According to CDCR’s most recent population report, from May 27, all but two of its prisons exceeded 100 percent capacity and 10 were over the Plata cap, including Avenal State Prison in Central California. Designed to hold 2,920 people, Avenal currently houses 4,162 people, putting it 42.5 percent over capacity. 

COVID-19 has brought Avenal’s overcrowding into sharp relief. As of June 2, the prison held 581 people with active infections. The Visalia Times Delta reported Monday that Avenal was “home to CDCR’s worst COVID-19 outbreak,” but by noon had to update the story when Chuckawalla State Prison (located, like Avenal, in Kings County), reported 792 active cases. 

Chuckawalla, according to CDCR data, is 31.5 percent over capacity. 

Attorneys from the Prison Law Office and the law firm of Rosen, Bien, Galvan, and Grunfeld have argued in federal court, so far unsuccessfully, that CDCR needs to release more people. The state initially released 3,500 prisoners, all of whom had 60 days or less remaining on their sentences, but has refused to release more, even eldery or medically vulnerable prisoners. 

Prison Law Office Senior Staff Attorney Alison Hardy told The Appeal Tuesday that the judges were surprised by CDCR’s refusal to release more people, but felt their hands were tied by the Prison Litigation Reform Act, a 1996 law that made it more difficult for prisoners to seek relief from federal courts over conditions of confinement.

On April 2—when CDCR was reporting only a dozen COVID-19 cases—Prison Law Office attorney Sara Norman told a federal three-judge panel that California prisons were “a portrait of drastic overcrowding” that threatened not only the lives of prisoners and staff, but also California’s health care system. 

Today CDCR is reporting nearly 2,000 positive cases. On Monday, CDCR also reported its first staff death. According to the AP, Correctional Officer Danny Mendoza, 53, died Saturday “after recently testing positive for the coronavirus.” 

“It’s shocking and not shocking,” Hardy said. “This is what we told the state and the judge was going to happen, particularly in the prisons that have large dormitories, which Avenal and Chuckawalla are almost exclusively.”

Hardy said that while she saw an “extraordinary amount” of cleaning at Vacaville Prison when she visited the facility last week, “I don’t think that it is possible to control the virus in crowded facilities. Even though the population has been reduced, it’s still overcrowded.”
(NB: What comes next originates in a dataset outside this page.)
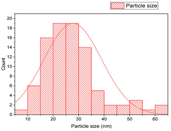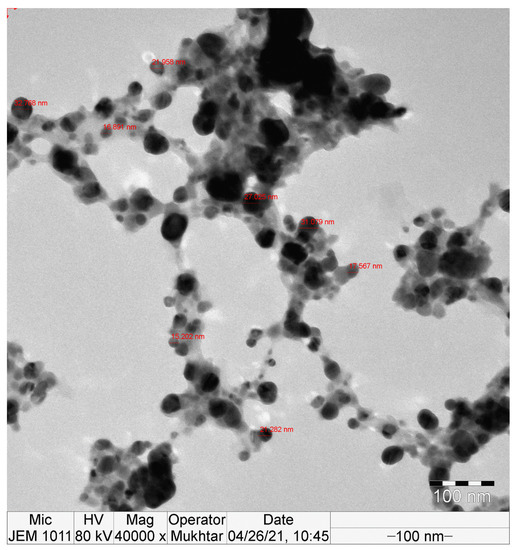 Transmission electron microscope (TEM) analysis has been reported as the most accurate technique for the determination of AgNP size [44,45]. Electron micrographs of AgNPs showed that these nanomaterials were spherical in shape, polydispersed, and that their average size diameter ranged from 10–60 nm, as seen in Figure 3. Moreover, Figure 4 shows the AgNP size distribution histogram, which reveals that AgNP size was within permissible limits, with an average particle size of 26.63 nm. The biogenic silver nanoparticles were smaller than those described in a recent work in which Phyllanthus emblica fruit extract promoted green production of silver nanoparticles with an average diameter of 39.1 nm [46]. Larger sizes of green synthesized silver nanoparticles using fresh Arbutus unedo leaf extract have been reported, with typical size diameters ranging from 40 to 58 nm [47]. Overall, prior results confirm that utilizing aqueous leaf extract of O. majorana to synthesize silver nanoparticles is an eco-friendly and high-efficiency approach, as demonstrated in our current investigation.

Hardy said Plata’s 137.5 percent capacity requirement was considered the most California prisons could hold and still be able to provide “adequate” health care.

“That did not take into account pandemic conditions,” she said. 


In a tweet Monday, UCLA’s COVID-19 Behind Bars Data Project featured several graphs illustrating the extent to which widespread testing is showing the spread of COVID-19 infections in prison. The graphs look at three prisons—California’s Avenal, Neuse Prison in North Carolina, and Trousdale Correctional Center in Tennessee—and the Texas prison system as a whole. 

Yesterday, we wrote about a federal judge’s May 26 ruling that Orange County, Calif., jails needed to provide prisoners with adequate cleaning and personal hygiene supplies and ensure they had enough space to remain six feet apart. Sheriff Don Barnes appealed U.S. District Judge Jesus G. Bernal’s ruling and applied for a stay of the order pending appeal. Today, Bernal denied Barnes’ request.

Bernal wrote that he’d already considered and rejected many of the arguments Barnes planned to raise on appeal, including that the measures Bernal was requiring exceeded CDC guidelines. 

“While a detention center with only two confirmed cases need not exceed those guidelines, more must be done when there are nearly four hundred confirmed cases in a facility,” Bernal wrote. The Sheriff’s Department reported today that 379 detainees have tested positive for COVID-19, an increase of two from Monday.


The Appeal’s Kira Lerner reports today that “at least 10 people were held for several days in Chicago’s Cook County Jail, one of the country’s hot spots for COVID-19 infections, because the city ran out of ankle monitors.”

As of Monday, seven Cook County jail detainees and three sheriff’s office employees had died from COVID-19.